Problem statement :: Omit the pictures and retype only the lines from the one containing "Porta pasaporte hecho" through the end of the listing, both ends included.

Given material ::
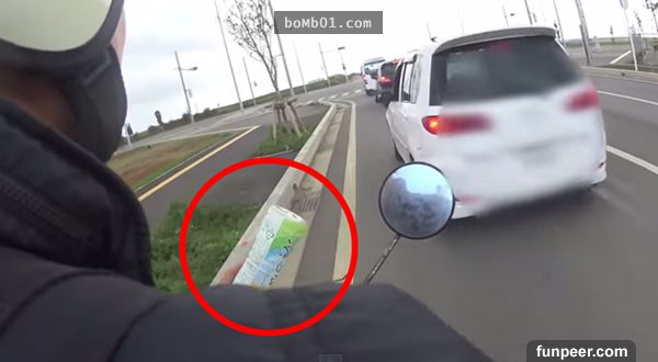 日本馬路上驚見司機隨手亂扔垃圾…英勇的機車騎士發現後立馬撿起垃圾追上去懲罰他!
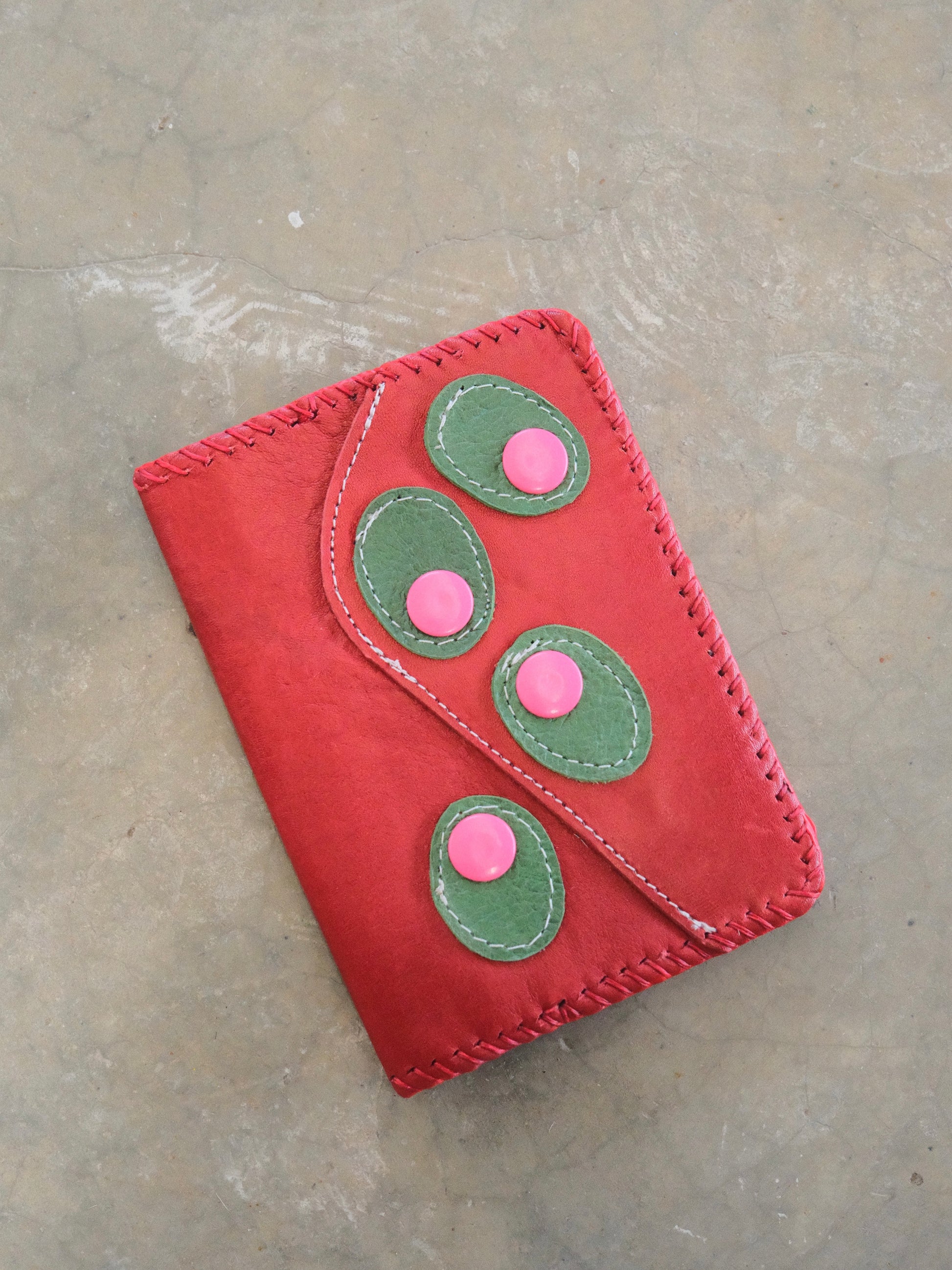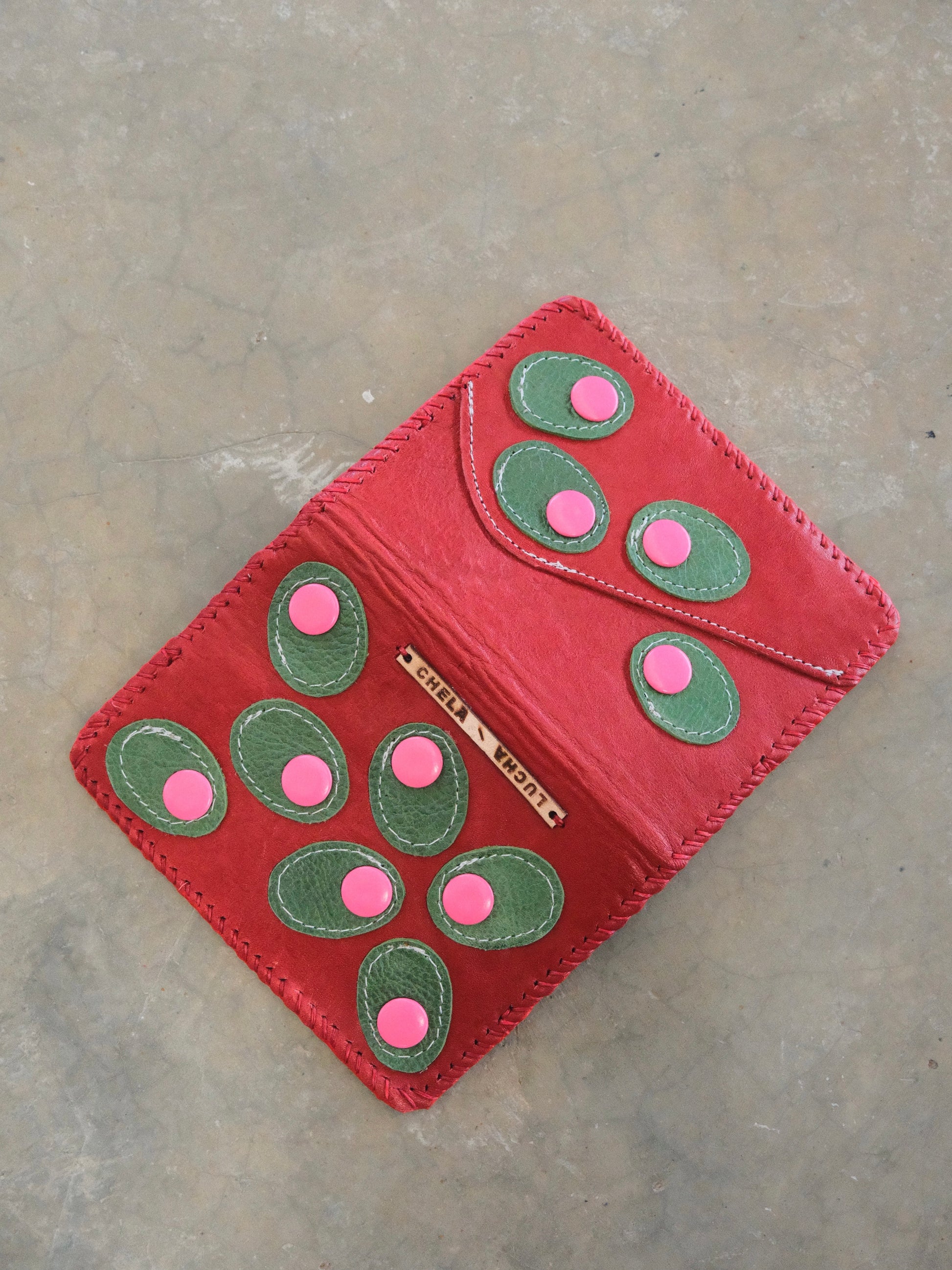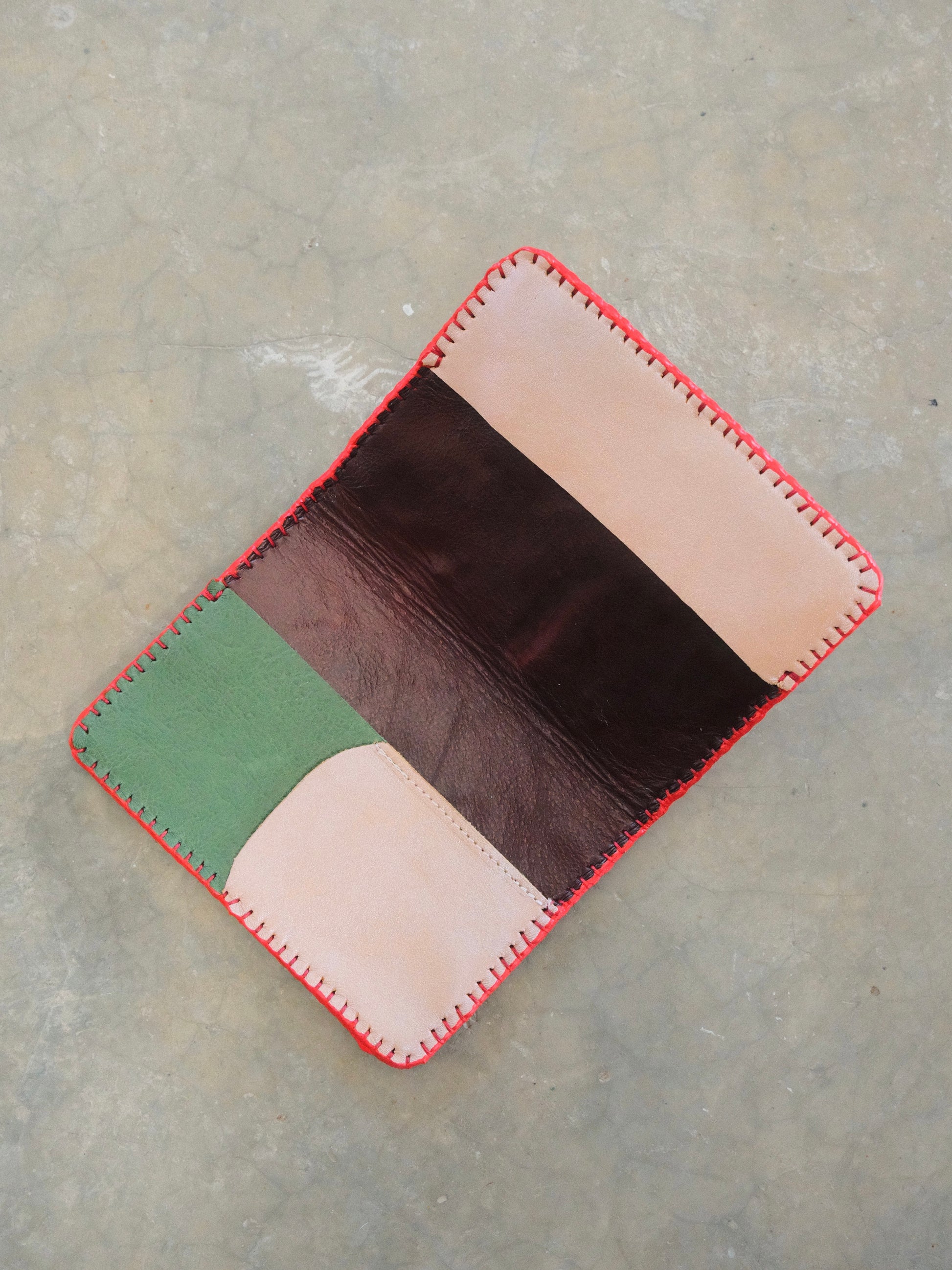 Porta pasaporte hecho con pedacera de piel en tonos variados. Detalles de remaches en tono rosa.
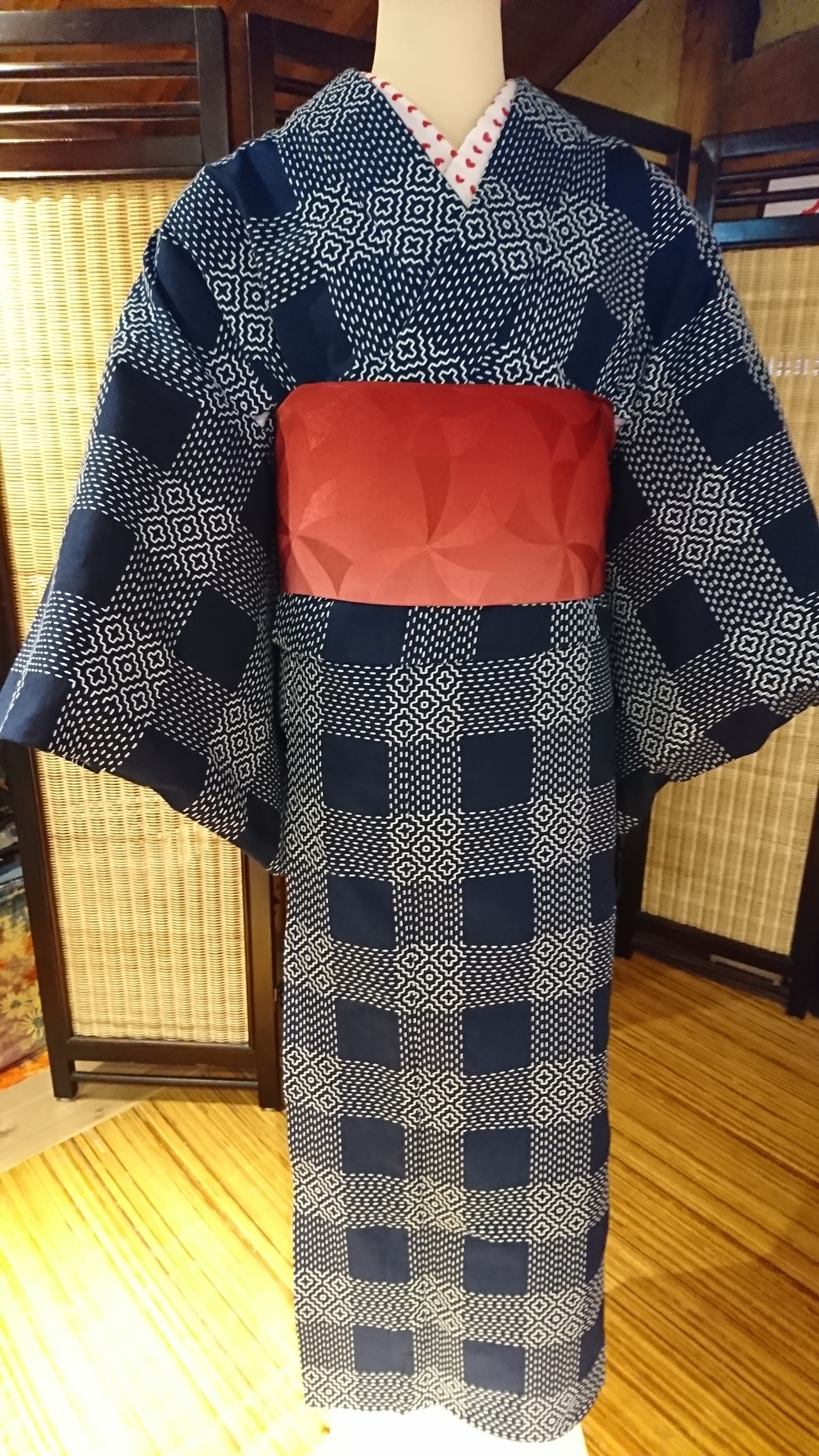刺し子で柄付けしているデニム着物です。生地は刺し子なのでしっかりしています。

Your response ::
 Porta pasaporte hecho con pedacera de piel en tonos variados. Detalles de remaches en tono rosa.
刺し子で柄付けしているデニム着物です。生地は刺し子なのでしっかりしています。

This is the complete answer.